Fig. 1: Dynamical stability of the spintronic Kapitza pendulum.

a, Schematics of the mechanical Kapitza pendulum with and without an external drive. mg represents the gravitational force on the bob. b–d, Schematics of different magnetization switching and stability processes illustrated within the angular dependence of magnetic energy (U): field-induced switching (b), STT switching (c) and dynamical stability (d). θ is defined by the relative angle between the external magnetic field (H_ext) and magnetic moment (M). See below for the mechanism of each process. e, Analogy between the Kapitza pendulum and dynamical stabilization by spin transfer in an isotropic magnet.

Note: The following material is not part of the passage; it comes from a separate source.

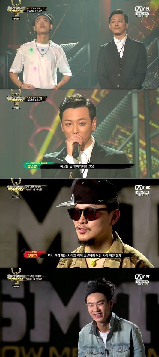 21일 오후 방송된 엠넷 서바이벌 프로그램 ‘쇼미더머니3’에는 2차 공연 스윙스-산이 팀의 바스코와 YDG 팀의 아이언의 대결이 펼쳐졌다.

The magnetic field provides a minimum and maximum of potential energy as the gravitational field does, and the STT plays the role of dynamical driving that controls their stability. Note that the arrows piercing through the conduction electrons (solid spheres) represent their spin pointing opposite to their magnetic moment. f, A typical solution of the stochastic LLG equation for a macrospin in an isotropic magnet. The initial condition is set at the south pole (red dot) and due to the anti-damping STT exceeding the Gilbert damping torque, the state precesses away from the field direction and settles around the inverted state (yellow dot). The coloured dots on the sphere have the corresponding potential energy values indicated in d.